Financial investment is more than just an engine for economic growth or a source of security, however. As Pope John Paul II wrote in his 1991 social encyclical Centesimus Annus, “[T]he decision to invest in one place rather than another, in one productive sector rather than another, is always a moral and cultural choice” (#36, emphasis in original). Even if the pursuit of financial reward is an essential consideration when investing, it’s also necessary to consider ethical questions such as whether the particular enterprise to be invested in is truly contributing to the common good, whether its activities cause harm to consumers or the natural environment, and how the enterprise treats its workers.

(Photo: Markus Kammermann, Unsplash)

The United States Conference of Catholic Bishops (USCCB) regularly publishes ethical guidelines for investing to be used by institutions affiliated with the Catholic Church, but which can also be used by conscientious Catholic individuals and organizations. The most recent version of these guidelines was published in 2021. The guidelines state, for example, that Catholic institutions should not invest in companies that engage in research on human embryos or tissues derived from abortions, and similarly that they should not invest in companies that manufacture firearms other than those used for hunting or for military and law enforcement organizations. The guidelines also say that, as shareholders, Catholic institutions should work with corporations to ensure that the human rights of workers are respected throughout the supply chain and should divest from companies whose activities persistently violate human rights.
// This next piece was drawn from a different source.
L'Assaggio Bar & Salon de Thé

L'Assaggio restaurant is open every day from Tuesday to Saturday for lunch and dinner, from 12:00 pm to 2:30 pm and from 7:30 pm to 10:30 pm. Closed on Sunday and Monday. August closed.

In the same way, the USCCB recommends using shareholder pressure to convince companies “to establish greenhouse gas emission reduction goals, provide disclosure around low-carbon planning, and mitigate climate change,” and it suggests that divestment from these companies can be a last resort if these other measures fail to achieve the desired outcomes. Two years ago, I described how the Catholic Theological Society of America (CTSA), following these guidelines, decided to divest from the fossil fuel industry, a move that has also been made by a number of Catholic universities.

These ethical considerations regarding investments are by no means exclusive to Catholic institutions. In the 1980s and 1990s, some investment firms began creating funds centered around environmental and human rights considerations, and by the 2000s, this practice—which came to be known as environmental, social, and governance (ESG) investing—had become mainstream, even if not universally practiced. A number of smaller investment firms focusing exclusively on ESG funds now exist, and larger investment firms like BlackRock, Vanguard, and Morgan Stanley offer ESG-based options for clients.
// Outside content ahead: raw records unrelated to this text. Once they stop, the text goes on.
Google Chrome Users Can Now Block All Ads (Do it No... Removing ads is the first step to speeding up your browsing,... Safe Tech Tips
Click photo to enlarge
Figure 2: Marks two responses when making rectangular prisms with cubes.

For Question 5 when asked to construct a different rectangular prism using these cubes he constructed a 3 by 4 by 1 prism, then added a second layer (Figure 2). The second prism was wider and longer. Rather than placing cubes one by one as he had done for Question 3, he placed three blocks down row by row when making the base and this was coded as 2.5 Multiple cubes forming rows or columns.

In 2021, the Texas state legislature passed a law targeting ESG investing, and in particular investment firms that “boycott energy companies,” which the law defines as:

[W]ithout an ordinary business purpose, refusing to deal with, terminating business activities with, or otherwise taking any action that is intended to penalize, inflict economic harm on, or limit commercial relations with a company because the company:

(A) engages in the exploration, production, utilization, transportation, sale, or manufacturing of fossil fuel-based energy and does not commit or pledge to meet environmental standards beyond applicable federal and state law; or

(B) does business with a company described by Paragraph (A).

The law prohibits the state’s pension fund and other state entities of making an investment of $100,000 or more in such a firm. The prohibition is based in climate change skepticism and the influence of the fossil fuel industry in Texas, but its supporters also appealed to free market principles, suggesting that ESG guidelines impose on companies considerations that conflict with a company’s fiduciary responsibility to its shareholders.

Earlier this month, however, a federal court ruled that the Texas law is unconstitutional, violating both the First and Fourteenth Amendments of the US Constitution, and that it is “facially overbroad” and “unconstitutionally vague.” The decision came after the American Sustainable Business Council, an association of over 2,000 companies committed to sustainable business practices, brought suit against the state of Texas in 2024.